Chapter 1: Vodka and Tears

I present to you the story of the FIREFIGHTER COWBOY!

I first met the Firefighter Cowboy online dating. Also he was my first escapade into blind dates off the internet. (There isn’t enough wine in my house currently for me to delve into my online dating situation, we’ll save that for some other time.) He seemed sort of normal so I agreed to go meet for drinks. Let’s just get this outta the way right away….he lied about his height!!!! WHY WHY WHY do guys think they can just add a couple inches and no one will notice?!?!?!? I suppose if a girl was 5’2” she might not notice, I however am not one of those girls. As a tall girl with an obsession for heels, height is an non negotiable issue for me. Even in cowboy boots he was still short….not like meh I can deal short….but like full on short!! Anyway, that was strike one. Second, he spent most of the date criticizing my beer choices. Can’t a guy just let a girl get her drink on? Fast-forward a couple hours, we leave, and I’m counting my lucky stars that its over. This is where it starts to get real weird….he sent me a text asking if I thought we should see each other again. I responded along the lines of “no, not really” which produced a response of “yea, me neither”. Maybe an hour after that I get a text asking if I wanted to hang out again! This should have been my first clue……

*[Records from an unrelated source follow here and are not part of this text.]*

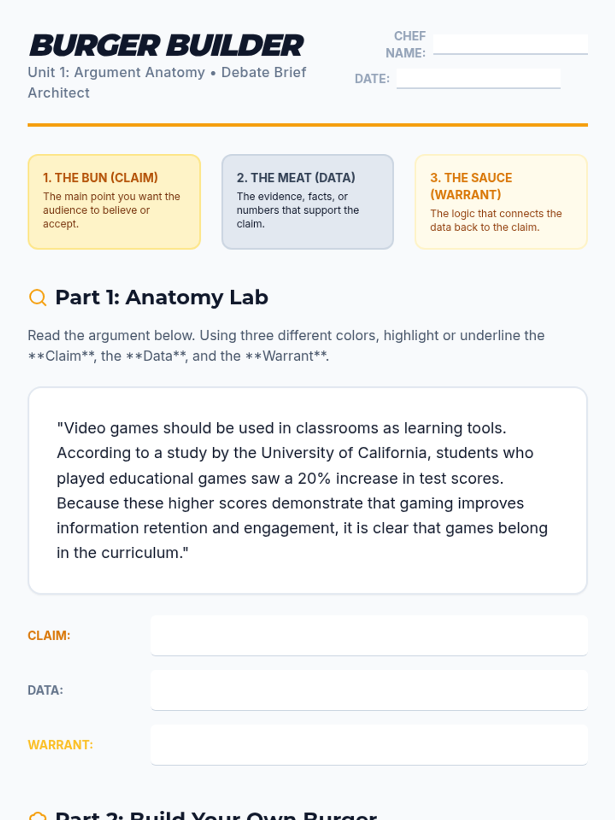 Students learn to research, synthesize, and organize evidence into a structured debate brief, moving from broad curiosity to targeted logical arguments.
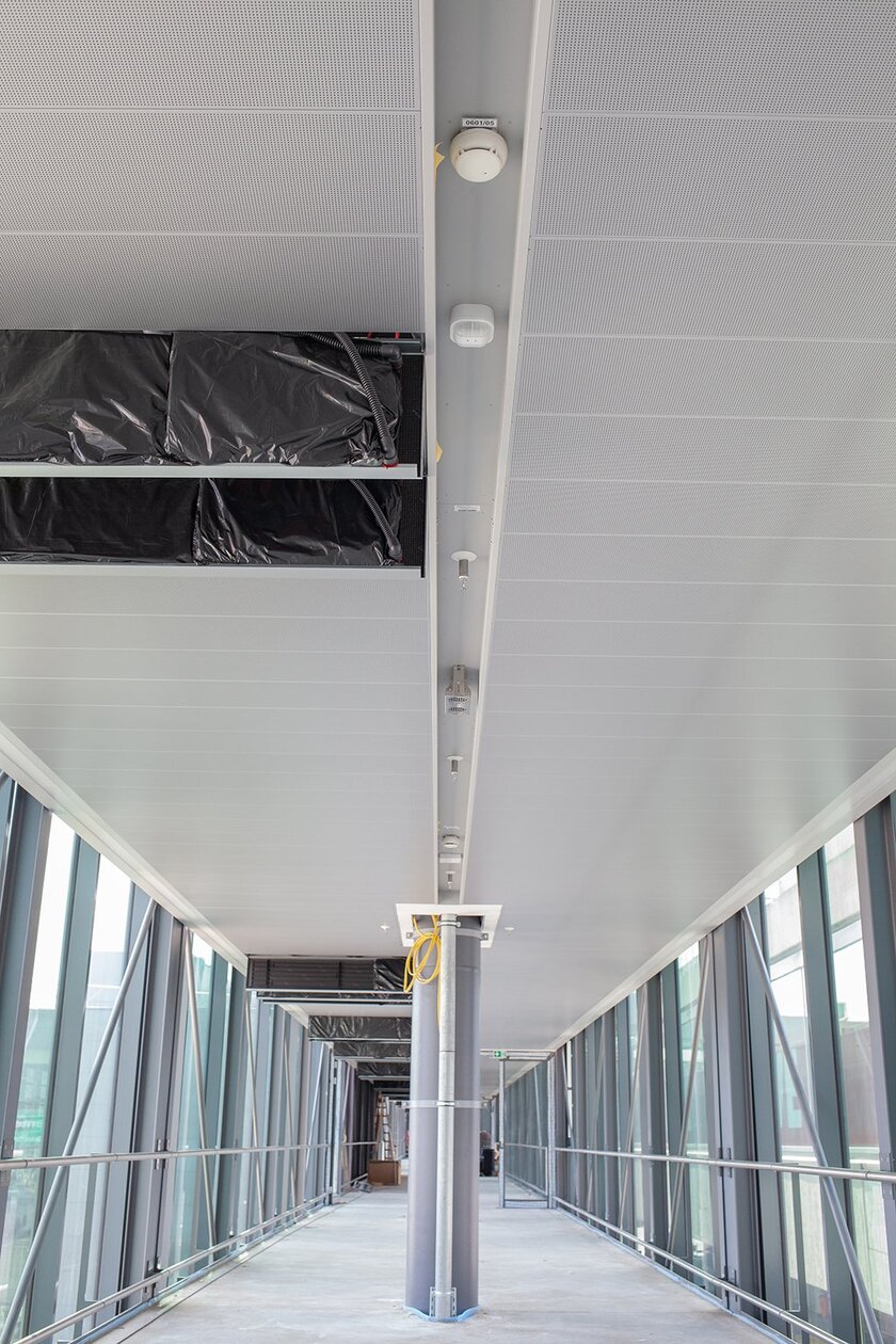 Therefore, he was looking for an effective cooling system that could cover the entire range of cooling requirements. In the context of earlier building projects, for example the housing estate HUF City Living in Montabaur and the renovation of the fire brigade control room of the airport Cologne/Bonn, he had got to know and appreciate the surface heating and cooling system . Therefore he also decided to use the aquatherm product for the new connecting corridor, which was installed in a perforated metal cassette ceiling and connected to an already existing district cooling network.
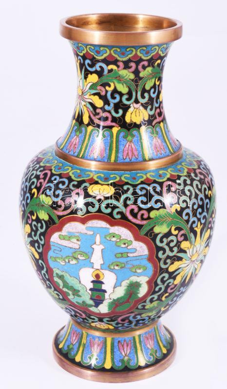 Kínai cloisonne réz váza, jó állapotban, m: 18,5 cm
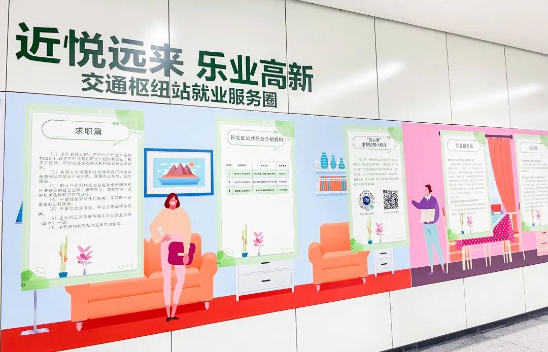 全新打造的交通枢纽站就业服务圈,充分利用站厅空间,对新北区的求职信息、培训服务、人才地图、人才公寓等进行了展示。
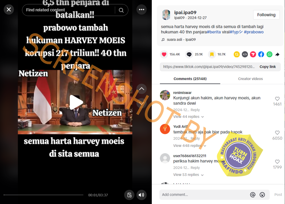 Hingga Senin (24/3/25), unggahan telah mendapatkan 131 tanda suka, 40 komentar dan telah dibagikan ulang 3 kali.
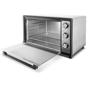 Forno Elétrico Philco com capacidade de 65 litros, potência de 2000W, timer de 120 minutos, seletor de temperatura de 90°C a 230°C e grelha deslizante em inox.Timer
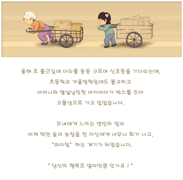 선진국일수록 행복지수가 낮다고해욤.. 상대적으로 비교하기 때문이져.. 저 그림을 보니, 당시상황이 그려지네여.. ㅠ.ㅠ
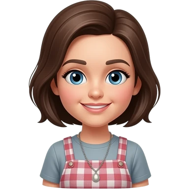 UN EMOJI DE COSTURA MODERNA OJOS AZULES CHICA CASTAÑA PELO CORTO Y RIZADO emoji | AI Emoji Generator
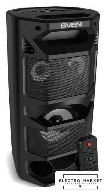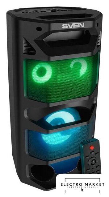 номинальная мощность 64 Вт, воспроизведение с USB/microSD, питание от сети и аккумулятора, BT 5.0, AUX, время работы: 4 ч.
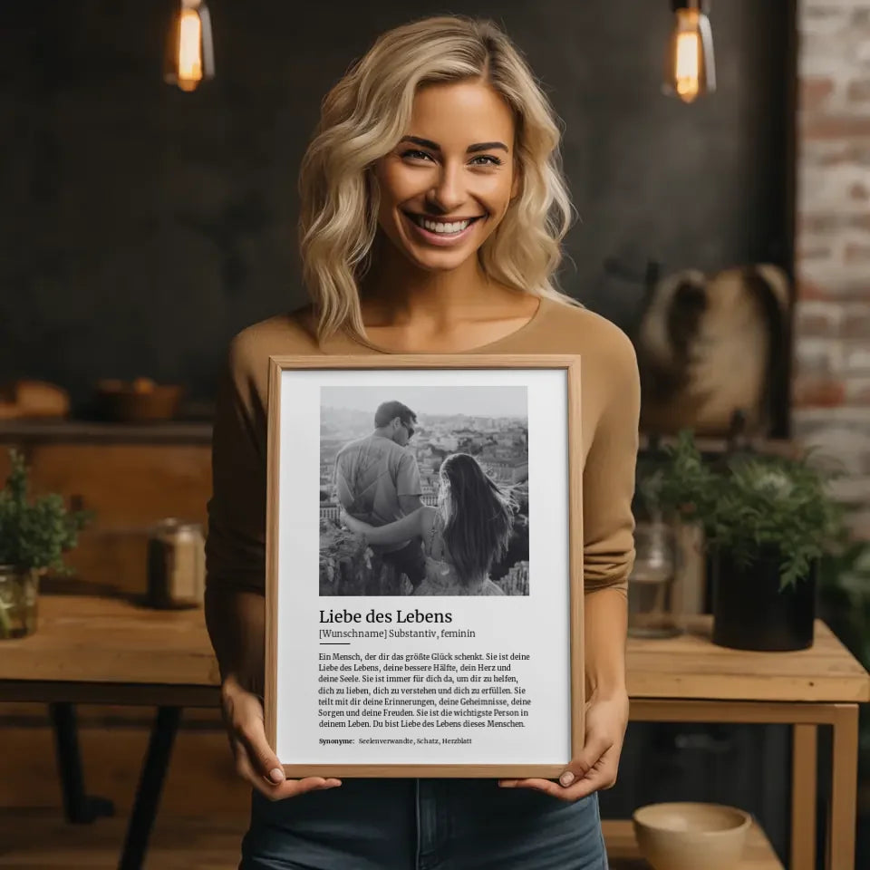 Du suchst ein tolles Geschenk? Dann ist unser Personalisiertes Poster Definition Liebe des Lebens Mit Name und Foto das perfekte personalisierbare Geschenk.
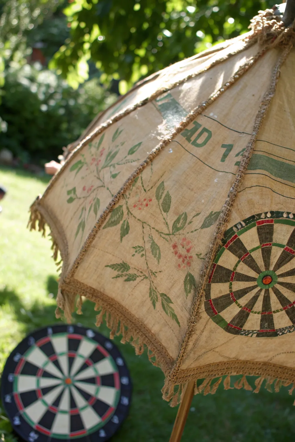Craft a DIY umbrella cover to keep your dartboard shaded and protected. I repurposed an old patio umbrella, and it works like a charm.
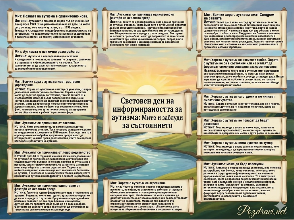 В центъра на картичката, върху централния свитък, е изписано заглавието: 'Световен ден на информираността за аутизма: Митове и заблуди за състоянието'.
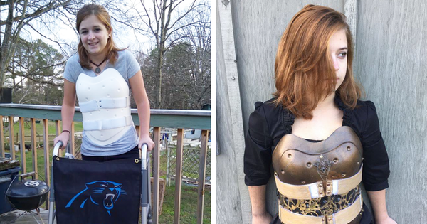Не так давно Мэдди попала в автокатастрофу и сломала грудные позвонки, поэтому теперь она вынуждена носить ортопедический корсет. К счастью, подруга семьи и участница театральной группы Сара помогла девушке превратить ее корсет в оригинальную стимпанк-броню. "Моей дочери не нравился корсет, который она должна была носить после операции, поэтому подруга помогла ей придать корсету стимпанк вид", - рассказала Линда, мама девушки. "Мы попали в ужасную аварию, у нее были переломаны грудные позвонки" Стимпанк-броня приковывает внимание, но теперь люди не просто глазеют, им интересна история девушки .
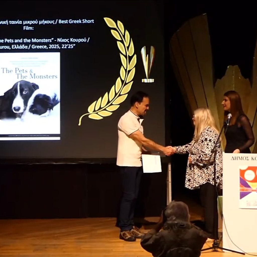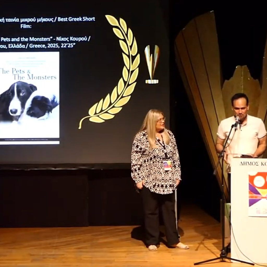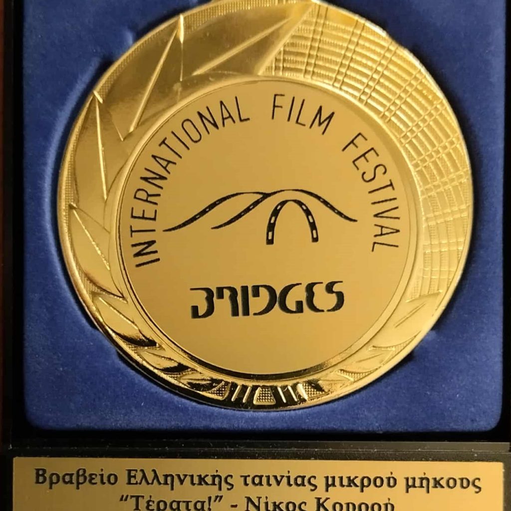 Κέρδισε τις εντυπώσεις και στο 16ο Διεθνές Κινηματογραφικό Φεστιβάλ ‘’Γέφυρες’’ η νέα ταινία του Νίκου Κουρού «Τέρατα» ή αλλιώς “The Pets and the Monsters”, όπως είναι ο ξενόγλωσσος τίτλος της. Η κριτική επιτροπή του εν λόγω φεστιβάλ της απένειμε το Βραβείο Καλύτερης Ελληνικής Ταινίας Μικρού Μήκους, το περασμένο Σάββατο 25 Οκτώβρη στην τελετή λήξης, όπου έλαβε χώρα στο Δημοτικό Θέατρο Κορίνθου. Ο σκηνοθέτης και πρωταγωνιστής της ταινίας, παρέλαβε συγκινημένος το βραβείο, τονίζοντας ότι ότι το βραβείο αυτό είναι κάτι ιδιαίτερο για εκείνον, καθώς η ταινία περιέχει πολλά βιωματικά στοιχεία.
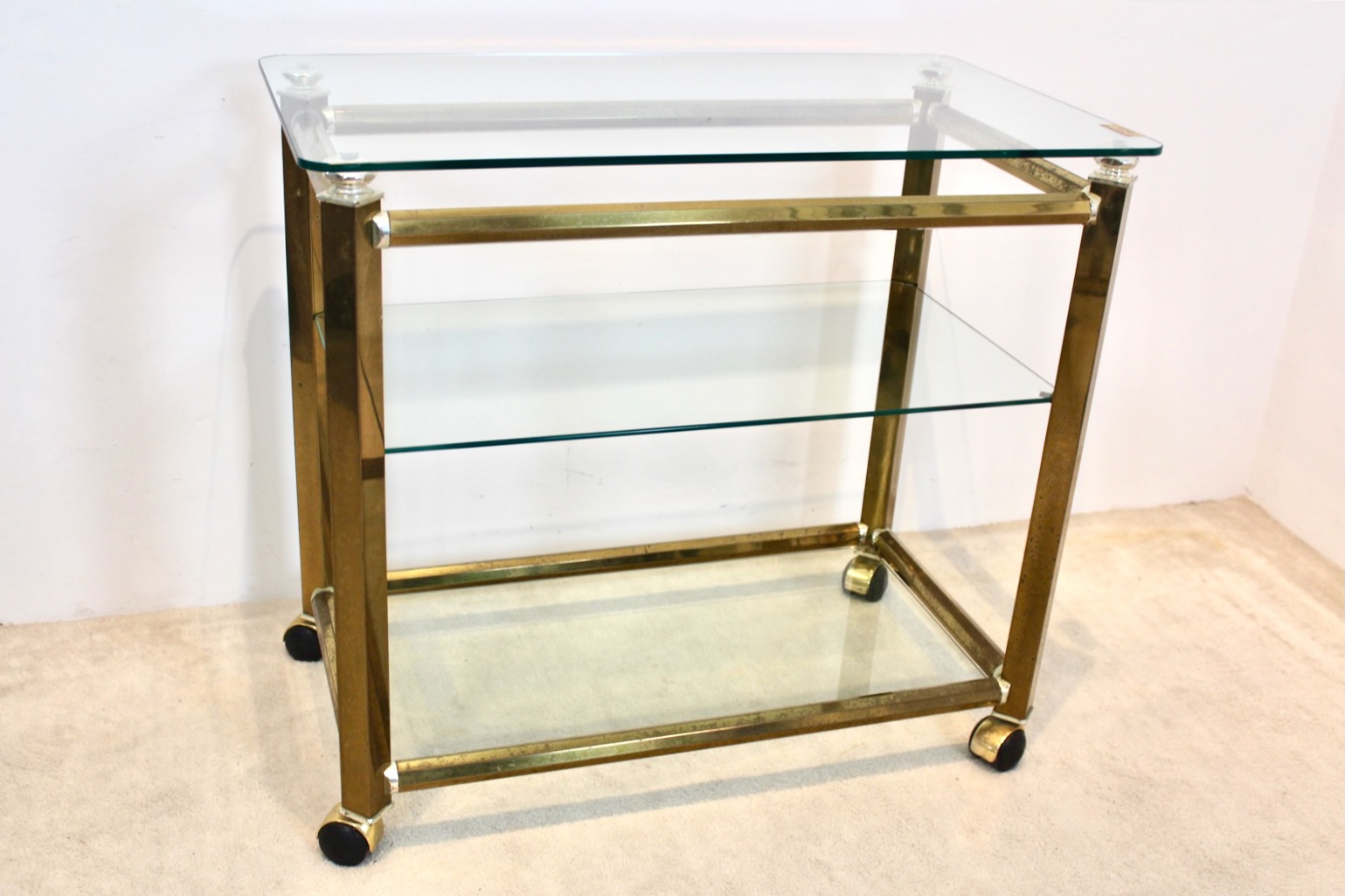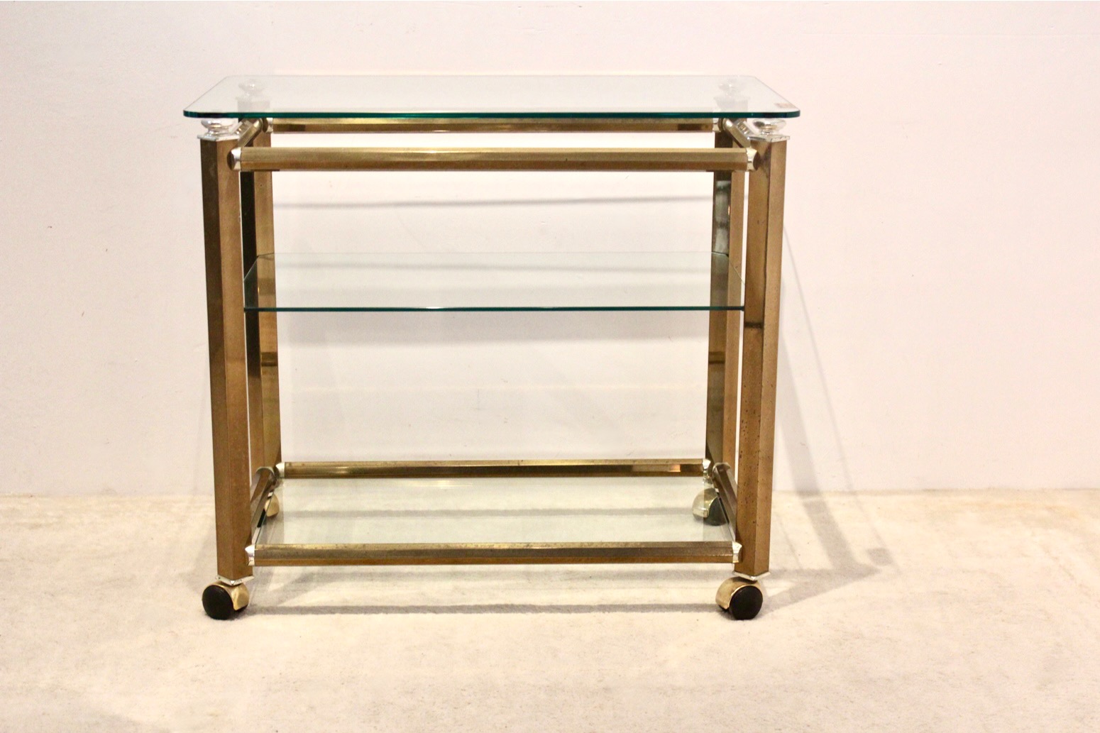 Rare Italian Bar Cart in Brass and Nickel with three tiers Glass. Designed and manufactured in Italy by Ponti & Terenghi. The solid brass frame has a total original finish with elegant Nickel accents. The Bar cart features three tiers with solid glass. The Cart is in good, used and original condition due to age and use. Designed with precision by with a very stylish performance.

Also…he didn’t look like this..I mean he’s not a stripper….but this general vibe was not what he was working with!

Moving forward, the Cowboy and I decided that we could just hang out. We discussed, AT LENGTH, that we wouldn’t date but that we could sometimes hang out socially. I didn’t really have friends in town. I thought that maybe if I had someone to hang out with I would eventually meet some people. Every time we hung out he always got really upset that I wouldn’t date him. This would cause him to alternate between never wanting to speak to me again and turning around and inviting me out again. It was weird, don’t ask me why we kept hanging out, we just did. He eventually moved into an apartment near my old town home, apparently quit being a firefighter, and started working at the Ford dealership. The last time I saw him at my house was really the icing on the craziness cake.

If this deranged beaver cake is a 9 on the crazy scale…..we are headed to full on 10.  Strap in folks!

If this deranged beaver cake is a 5 on the WTF scale…..we are headed to full on 10.                   Strap in folks!

He stopped by one night on his way home from work for drinks on my patio. It started getting late and buggy out so we moved inside. I’m not quite sure how this series of events occurred, but before I knew it the Cowboy was drinking straight vodka out of a coffee mug IN MY KITCHEN!! Ok….cool…. I guess, I mean I can roll with this, a little vodka never hurt anyone. So we bummed around for a bit while he swilled vodka. The downfall really started when the swilling led to him asking me out for the umpteenth time. This was obviously our established standard operating procedure. Drinks always led to stating the various reasons why he was OBVIOUSLY the only person I should be dating. This particular night was going along very much according to plan……and then the crying started.

I can not accurately express the horror and/or confusion that flashed through my brain. A 27 year old guy was standing in my kitchen bawling whilst explaining that my current boyfriend was awful and that he, the Cowboy, was the best life choice I could possibly make! This choice, as I recall, was primarily based on the fact that his dad knows the mayor (or former mayor maybe) of Brookings, SD. I’m not sure that any fact has ever made me less enthused to date someone! I think he ended up walking home that night after I kinda sorta shoved him out of my house. Luckily, I avoided any potentially awkward encounters the next day when he came to get his car. It had been there in the morning, but was just gone when I got home from work. #winning

Remember kids.....don't swill and campaign!

Remember kids…..don’t swill and campaign!

Before you jump to conclusions that I was mean to this poor crying, ex-firefighter, cowboy in my kitchen I have a fun fact to share. Late last year I went on a date with another online boy.   (I know, I know I should learn!!! Again, not enough wine currently to broach this topic.) This date was with a manager at a Ford dealership where the Cowboy had worked. (The Cowboy had been fired from the dealership, so now he’s an ex-firefighter/ex-carsalesman?!?!) I guess they ran into each other at a bar one night, and the Cowboy had proceeded to start crying and yelling about his connections to “important people in Brookings!!” Good to know that I wasn’t the only one who was unimpressed with his political connections!